=== Section Start ===

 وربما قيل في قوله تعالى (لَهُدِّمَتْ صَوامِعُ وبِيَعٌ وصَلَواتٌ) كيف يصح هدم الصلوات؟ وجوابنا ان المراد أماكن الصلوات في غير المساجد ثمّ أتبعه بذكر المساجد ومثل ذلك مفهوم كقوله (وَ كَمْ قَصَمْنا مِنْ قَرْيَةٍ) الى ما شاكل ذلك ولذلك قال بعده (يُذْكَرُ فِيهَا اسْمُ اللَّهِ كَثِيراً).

=== Section End ===
=== Section Start ===

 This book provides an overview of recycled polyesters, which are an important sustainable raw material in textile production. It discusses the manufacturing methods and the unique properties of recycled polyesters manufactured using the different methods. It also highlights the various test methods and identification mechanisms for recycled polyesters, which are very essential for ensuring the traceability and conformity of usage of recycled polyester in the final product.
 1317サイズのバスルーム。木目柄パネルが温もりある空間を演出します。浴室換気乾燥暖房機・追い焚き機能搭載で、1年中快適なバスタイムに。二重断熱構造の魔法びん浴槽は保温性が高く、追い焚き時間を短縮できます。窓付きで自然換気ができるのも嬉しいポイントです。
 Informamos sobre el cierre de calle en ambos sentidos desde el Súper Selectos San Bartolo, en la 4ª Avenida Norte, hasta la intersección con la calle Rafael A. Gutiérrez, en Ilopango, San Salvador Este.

=== Section End ===

Task instructions
Would you copy out exactly the lines above that start at the one containing "This book provides" and end at the one containing "Informamos sobre el", inclusive?

Solution
 This book provides an overview of recycled polyesters, which are an important sustainable raw material in textile production. It discusses the manufacturing methods and the unique properties of recycled polyesters manufactured using the different methods. It also highlights the various test methods and identification mechanisms for recycled polyesters, which are very essential for ensuring the traceability and conformity of usage of recycled polyester in the final product.
 1317サイズのバスルーム。木目柄パネルが温もりある空間を演出します。浴室換気乾燥暖房機・追い焚き機能搭載で、1年中快適なバスタイムに。二重断熱構造の魔法びん浴槽は保温性が高く、追い焚き時間を短縮できます。窓付きで自然換気ができるのも嬉しいポイントです。
 Informamos sobre el cierre de calle en ambos sentidos desde el Súper Selectos San Bartolo, en la 4ª Avenida Norte, hasta la intersección con la calle Rafael A. Gutiérrez, en Ilopango, San Salvador Este.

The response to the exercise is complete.